Very few completely supported the idea of Feminism being the way to liberate our selves from the dictatorship of Patriarchy.
Although most of the women present admitted that there was a problem in their respective regions: that women were considered inferior, that there was lot of violence at home and in the public space, that they were themselves treated badly sometimes for being women’s rights activists. But still they were not able to see the real problem. It was difficult for them to push the limits as much as to break free from patriarchal chains of oppression. Everything was so deeply rooted in their minds and bodies, that it was difficult for them to understand LBT women’s issues and how they also needed the support of women’s movement. They were having hard time picturing female sex workers joining their cause in the streets…what then society would tell? They already had too many problems without including all those marginalized groups of women in their organizations.

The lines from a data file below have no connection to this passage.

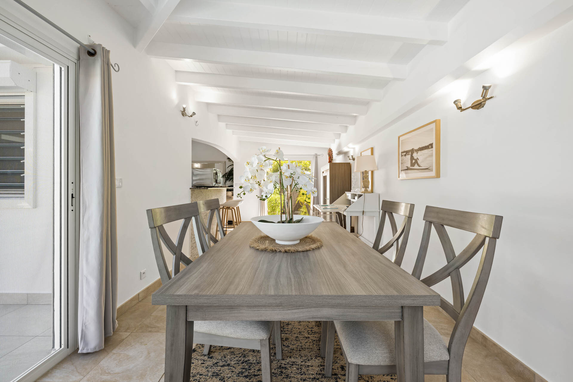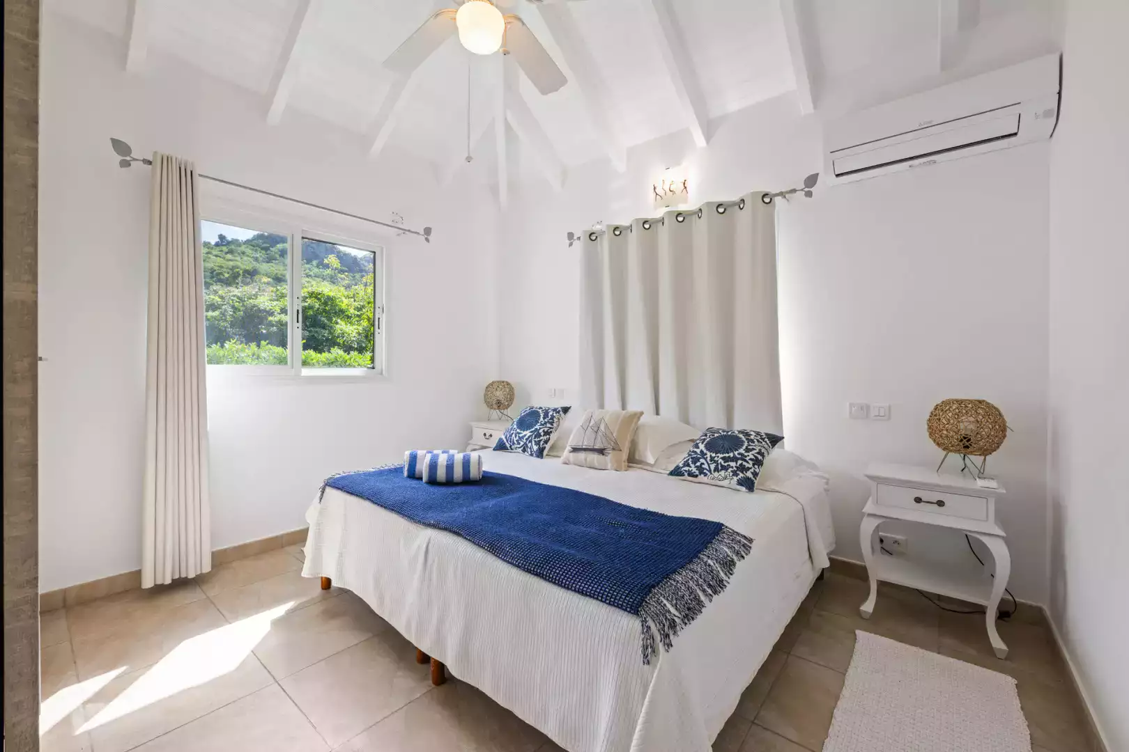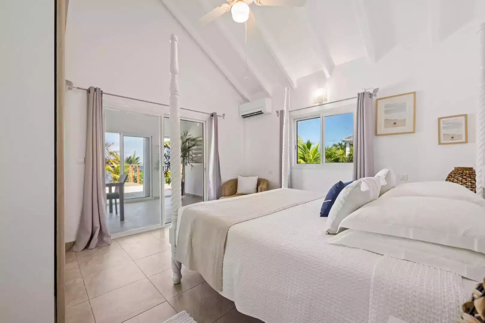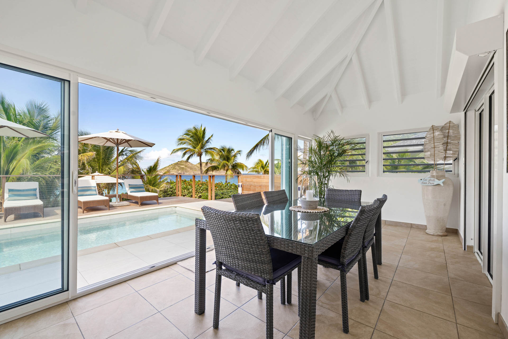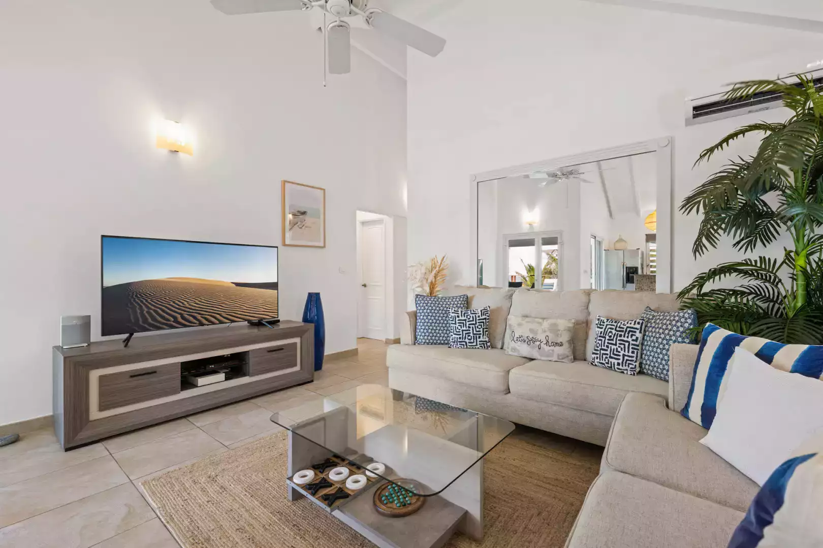 La villa comprend deux chambres climatisées, chacune avec ventilateur au plafond et lit king size (dont une transformable en lits jumeaux), partageant une salle de bain pratique. Le salon, lumineux et confortable, est équipé de la télévision satellite française et américaine. La salle à manger attenante, installée dans une pièce séparée pouvant s’ouvrir entièrement sur l’extérieur, permet de savourer les repas tout en profitant de l’air marin.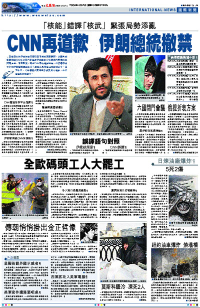 正當西方與伊朗就核問題引發爭執的緊要關頭,美國有線新聞網絡(CNN)上周六卻錯譯伊朗總統艾哈邁迪內賈德的核問題言論,平添風波。雖然CNN事後道歉認錯,但仍遭伊朗文化與伊斯蘭指導部前日下達禁止其到當地採訪的命令。直至昨日,艾哈邁迪內賈德表示接受對方道歉,並去信當局取消禁令。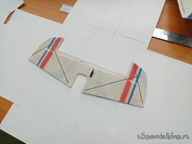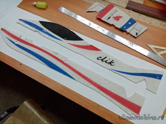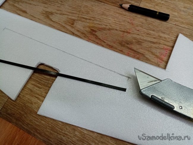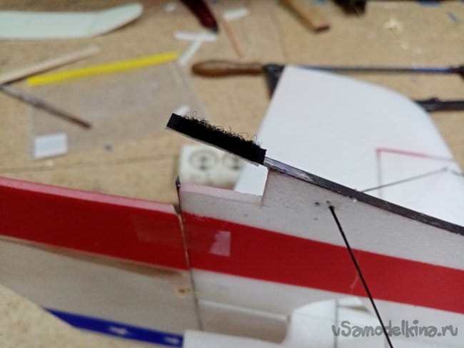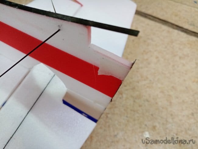 В крыло и руль высоты врезаю карбоновые рейки как на оригинале.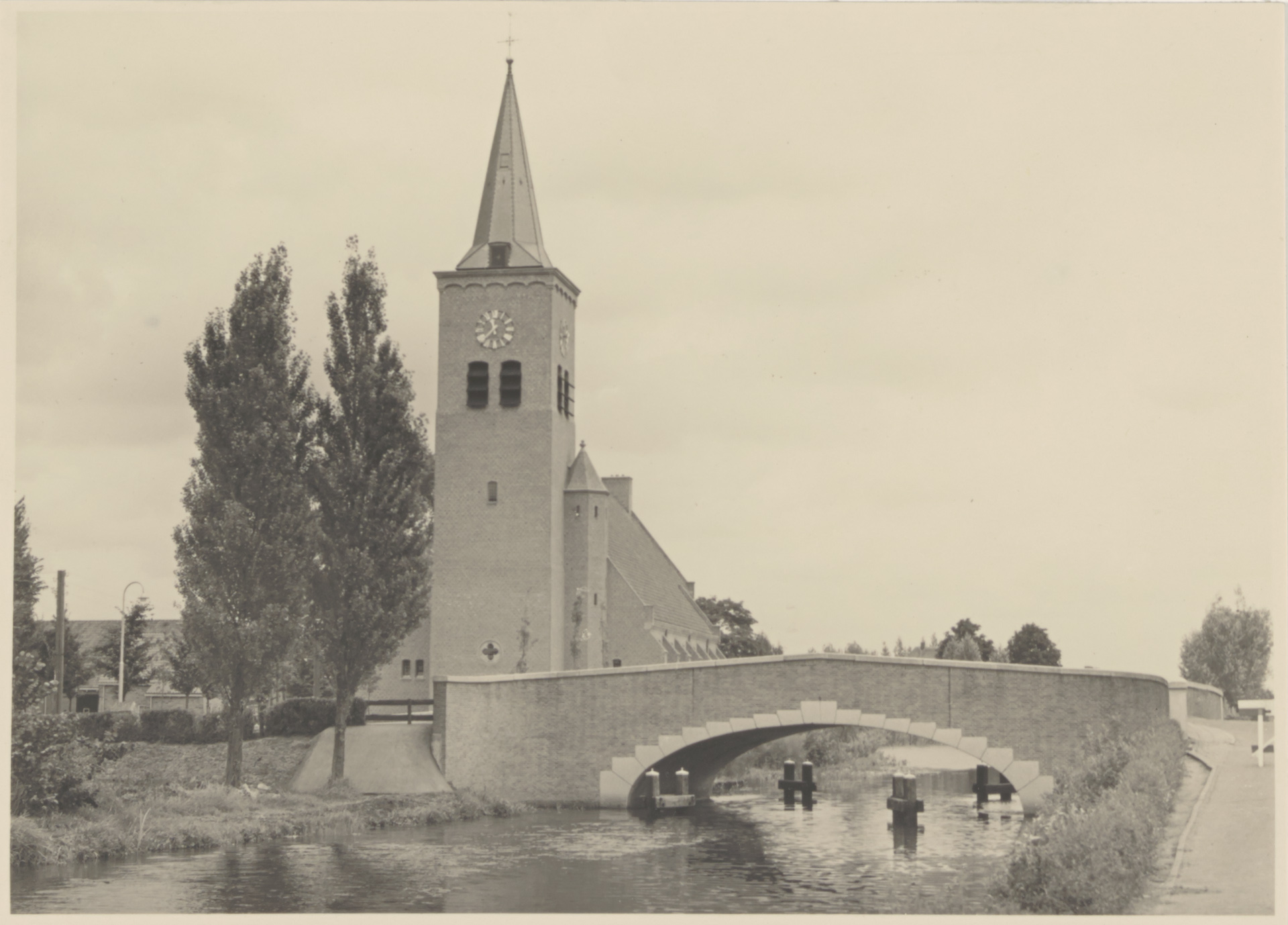 - Hervormde Kerk in de Kerkstraat te Bleskensgraaf, gezien vanaf de Dorpsstraat. De brug gaat over de Graafstroom.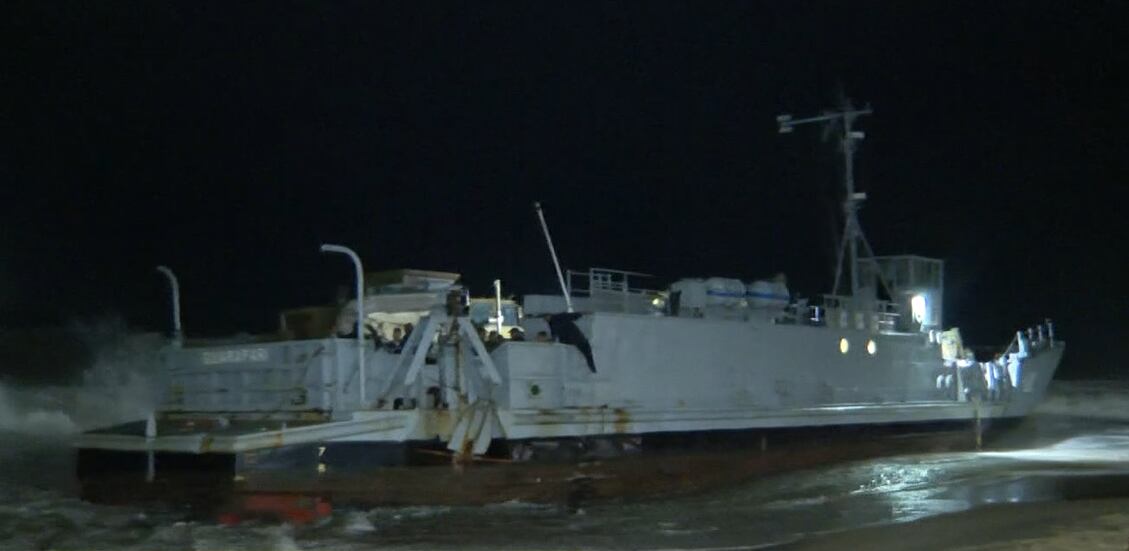 Navio da Marinha faz manobra controlada e encosta na Praia do Recreio, zona sudoeste do Rio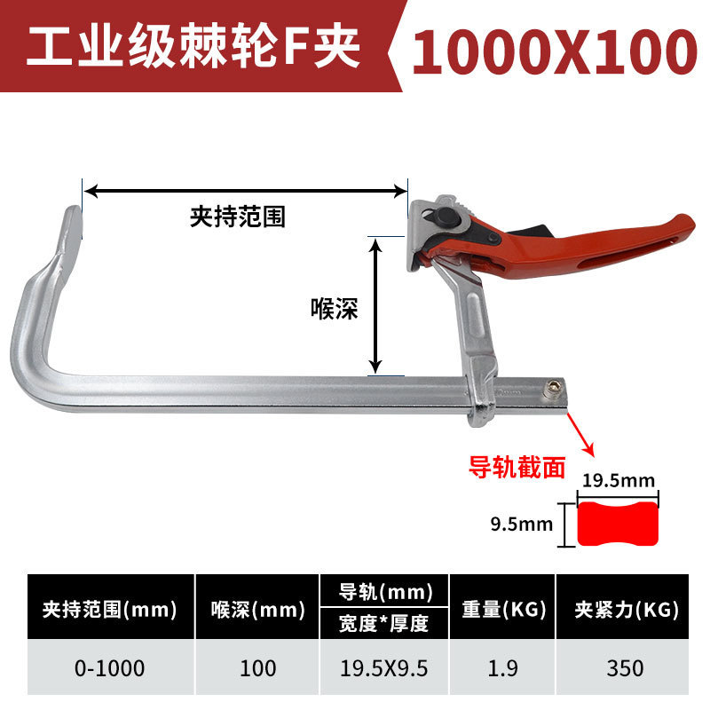 • 래칫 1000X100 가이드 레일 19.5x9.5 클램핑력 350kg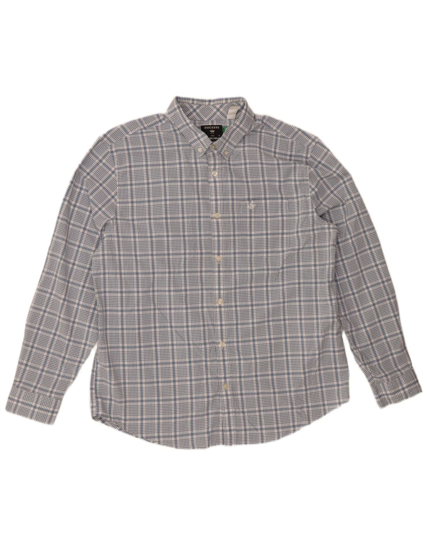 DOCKERS Camicia da uomo vestibilità classica XL in cotone a quadri blu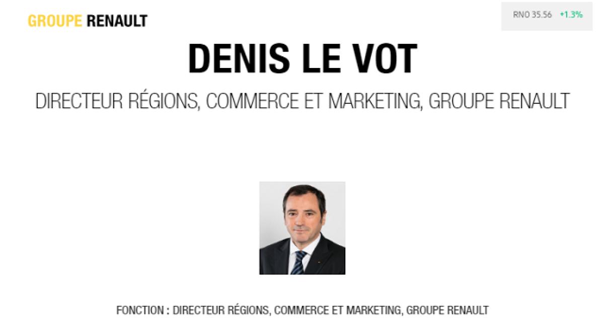 Le titre de sa fonction résume à lui tout seul les points forts de Denis Le Vot  puisqu’il est nommé directeur régions, commerce et marketing pour le Groupe Renault. Ses fonctions exercées à travers toute la planète ou presque lui offrent une large vision des choses, son expérience au niveau marketing constituant un de ses autres atouts. Via cette nomination, le constructeur affiche sa ferme volonté de miser sur l’international.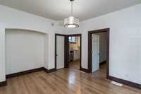 Looking for a starter home or a fabulous investment opportunity? Look no further! This charming 1.5-storey home beautifully combines classic character with modern functionality. The main floor features a bright and welcoming living room, a spacious dining area, and an updated kitchen complete with stainless steel appliances and a stylish tile backsplash. You’ll also find a convenient 3-piece bath with stacking laundry, a large mudroom off the back entrance for extra storage, and a versatile main-floor bedroom that could serve perfectly as an office or guest room. Upstairs are two additional bedrooms and a 4-piece bath with tile surround. The basement offers ample storage and potential for future development as a rec room. Outside, enjoy the fenced yard, parking area, and an inviting front porch. Major updates include electrical (knob & tube removed), PVC windows, high-efficiency furnace, central air, and hot water tank.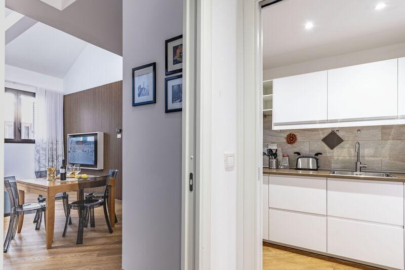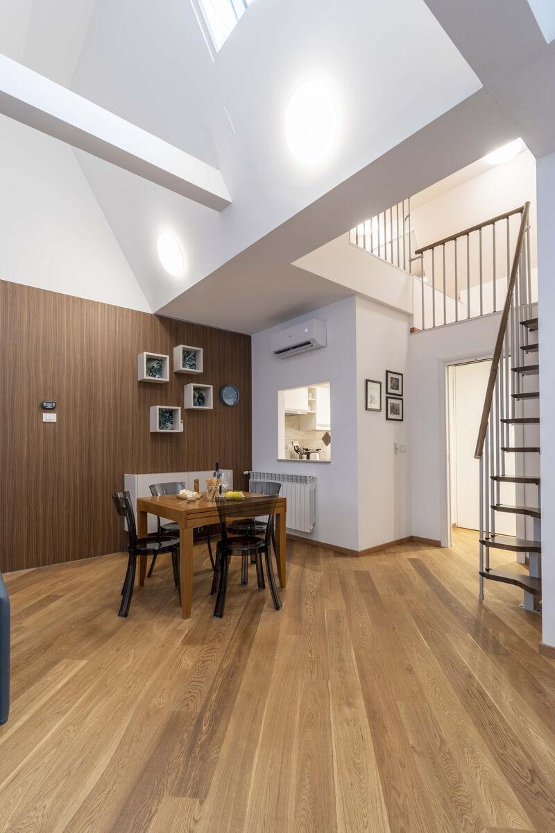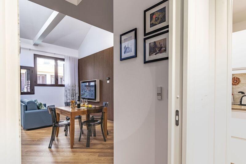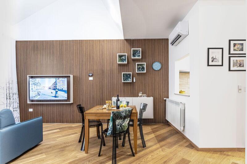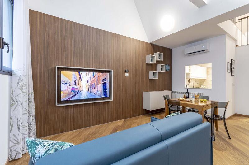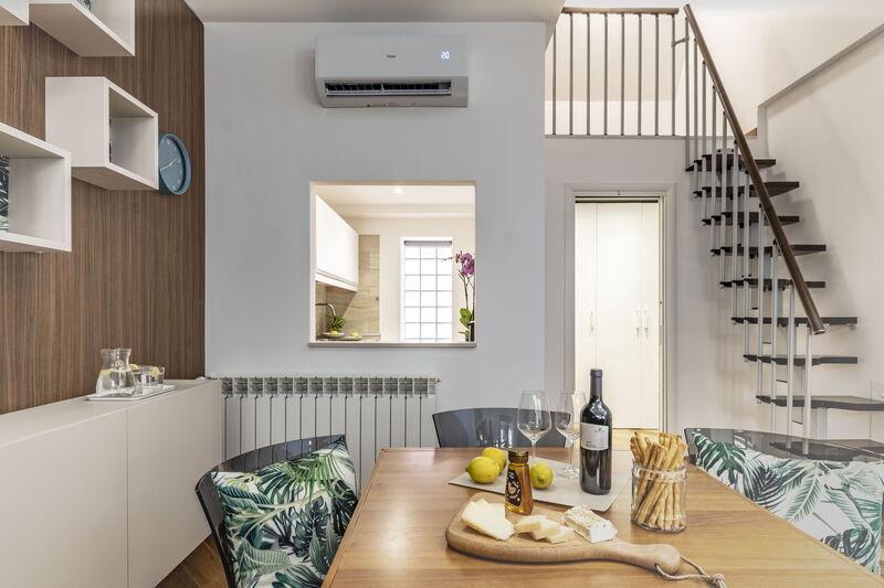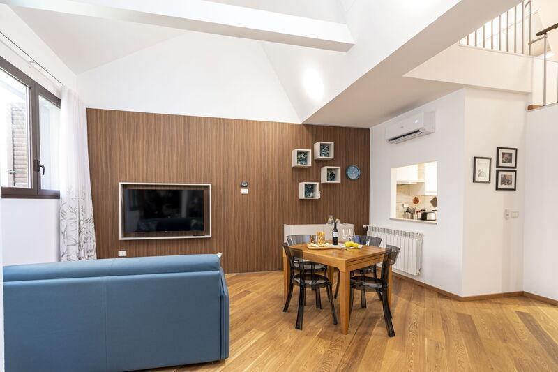 Entdecken Sie die Suite Trastevere, eine elegante Oase des Komforts im lebendigen Herzen Roms. Dieses einzigartige Apartment bietet Platz für bis zu 4 Gäste, mit einem stilvollen, in die Wohnwand integrierten Doppelbett und einem bequemen Schlafsofa. Die Innenräume sind modern und einladend gestaltet, mit Holzdetails und zeitgenössischen Akzenten, die eine warme und entspannte Atmosphäre schaffen. Das wahre Highlight ist der private Patio, ein intimer Außenbereich mit einem charmanten Sitzplatz, ideal, um ein Glas Wein oder ein Frühstück im Freien in ruhiger Umgebung zu genießen.Perfekt für alle, die die ewige Stadt erkunden möchten: Die Suite Trastevere liegt nur wenige Schritte von den authentischsten Gassen des Viertels sowie den bekannten Restaurants, Bars und Boutiquen entfernt. Lassen Sie sich von der perfekten Mischung aus Stil, Komfort und strategischer Lage verzaubern – Ihr Zuhause in Rom erwartet Sie!Ein gemütlicher Patio mit Sitzgelegenheiten und einem kleinen Tisch bietet eine ruhige Ecke zum Entspannen oder Genießen eines Aperitifs im Freien.Rom, die Ewige Stadt, ist ein Ort, an dem Vergangenheit und Gegenwart in einzigartiger Harmonie aufeinandertreffen. Jede Ecke der Stadt erzählt eine Geschichte aus ihrer jahrtausendealten Geschichte. Beim Bummeln durch die Straßen können Sie außergewöhnliche Wahrzeichen wie das Kolosseum, das Symbol des Römischen Reiches, und das Forum Romanum bewundern, einst das politische und soziale Zentrum des antiken Roms. Doch Rom ist nicht nur antike Geschichte: Die Vatikanischen Museen mit ihrer unglaublichen Kunstsammlung und Michelangelos Sixtinische Kapelle zeugen von Jahrhunderten der Kreativität und des Glaubens. Das Pantheon, mit seiner perfekt konstruierten Kuppel, ist ein architektonisches Wunder, das jeden Besucher beeindruckt.Werfen Sie eine Münze in den Trevi-Brunnen, um Ihre Rückkehr zu sichern, und bestaunen Sie die Spanische Treppe, die einen atemberaubenden Blick auf die Piazza di Spagna bietet. Erkunden Sie das bohemienhafte Viertel Trastevere mit seinen Kopfsteinpflasterstraßen, traditionellen Trattorien und authentischem römischen Flair. Machen Sie einen Spaziergang entlang des Tiber oder besuchen Sie einen der historischen Märkte der Stadt, wie den Campo de’ Fiori, um das römische Alltagsleben zu erleben.Rom ist auch eine Stadt, die sich Zeit nimmt: Entspannen Sie in den Gärten der Villa Borghese oder genießen Sie einen Sonnenuntergang vom Gianicolo, der einen Panoramablick über die Stadt bietet. Die römische Küche ist ein weiteres unvergessliches Erlebnis: Von Carbonara bis zu Carciofi alla Giudia ist jedes Gericht eine Reise durch die Aromen der Tradition.Zu jeder Jahreszeit bietet Rom einzigartige Erlebnisse: eine perfekte Mischung aus Kunst, Kultur, Schönheit und Lebendigkeit. Es ist eine Stadt, die man langsam genießen sollte, um sich von den Details, den Lichtern des Sonnenuntergangs und der herzlichen Gastfreundschaft ihrer Bewohner überraschen zu lassen.

It was sad to witness all this and realize that women activists in our region still lacked the courage to interfere with the core of the problem. They felt they had too much to lose on the way. Even though already they were taking some courageous steps to change things in their respective societies but still with defined limits.
Women in Liberia stopped the war, because they went all the way risking everything believing truly in a cause. Women in the Balkans passed the law to make sexual violence during war a punishable crime, because they understood that justice needs hard work, perseverance and commitment no matter if resources were available or not.
But in South Caucasus, we are still scared and deeply patriarchal even in the way we manage our women’s organizations. We are not ready to change ourselves in order to change society. We are still suffering from two major illnesses:
The first is “one woman show syndrome” where we want to do it all ourselves and monopolize issues and resources in a very competitive way and we don’t give space to other women and we refuse to work together to advance a cause that will benefit all of us, like domestic violence law, or gender equality or equal representation in parliament.
The second is we bash Feminism and continue serving Patriarchy. We try to heal the symptoms and are completely blind to the source of the problem.
So we end up providing “cheap” services to women (whenever funding is available) and without feminism as an approach to fight patriarchal values or a strategic common objectives to change the reality of women, we go on surviving with a senseless goal… nagging, not going anywhere, inventing the wheel over and over again. And our local governments stay content and happy watching us running in a vicious closed circle like trapped rats, not feeling threatened or worried at all that some day we will restore justice and democracy and put them out of work!
Yes this ended up as being a very pessimistic post. The meeting in Istanbul made me realize that we had a long way to go still in South Caucasus regarding women’s rights. To end it in a more positive note, i remember my favourite quote of the presentation: "Women, don't get depressed, Patriarchy is full of depressed women!"